-- Task instructions --
Would you transcribe only the lines from the one holding "Route power and" through the end of the material, exactly, without any pictures?

-- Source data --
Content starts

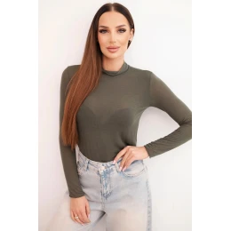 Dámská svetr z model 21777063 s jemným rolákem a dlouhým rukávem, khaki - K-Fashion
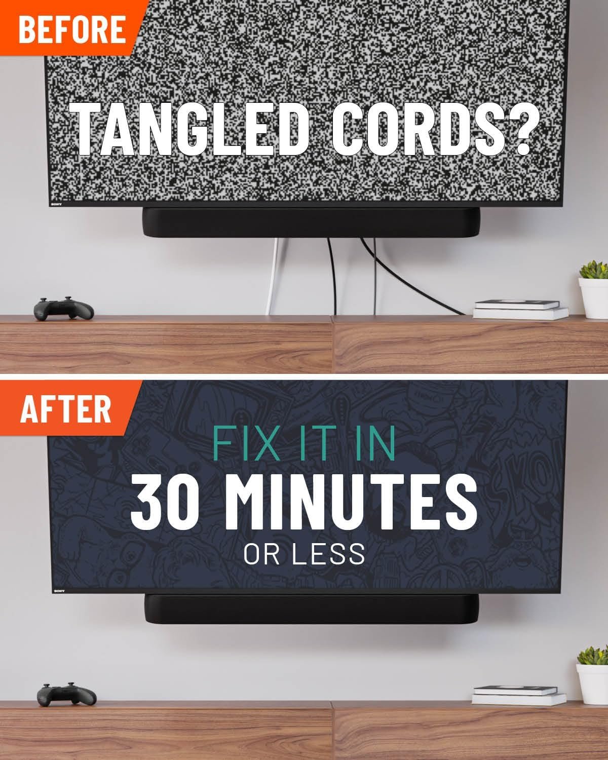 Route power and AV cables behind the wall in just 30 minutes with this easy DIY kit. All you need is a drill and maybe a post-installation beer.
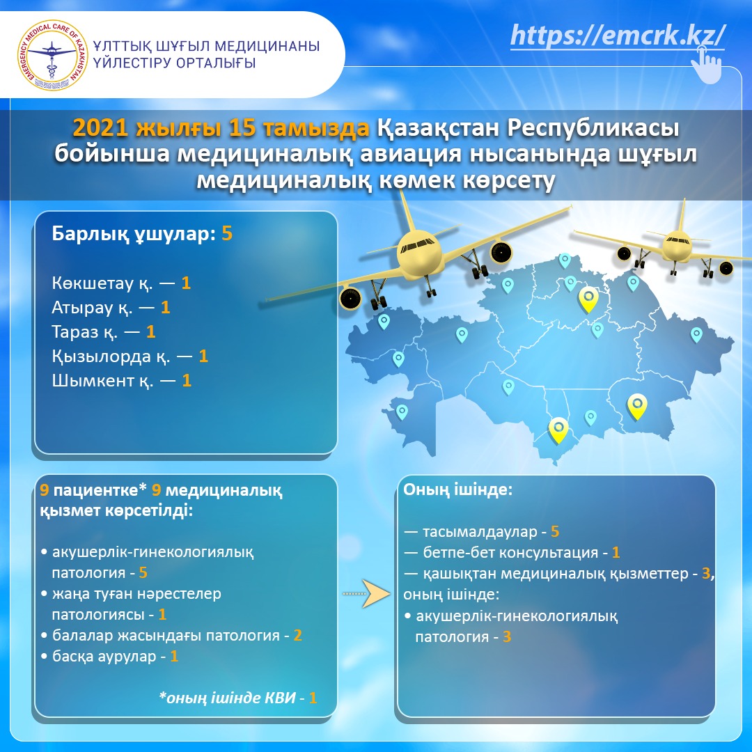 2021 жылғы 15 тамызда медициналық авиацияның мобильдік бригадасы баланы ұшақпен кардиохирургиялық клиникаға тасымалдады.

Content ends

-- Response to this task --
 Route power and AV cables behind the wall in just 30 minutes with this easy DIY kit. All you need is a drill and maybe a post-installation beer.
 2021 жылғы 15 тамызда медициналық авиацияның мобильдік бригадасы баланы ұшақпен кардиохирургиялық клиникаға тасымалдады.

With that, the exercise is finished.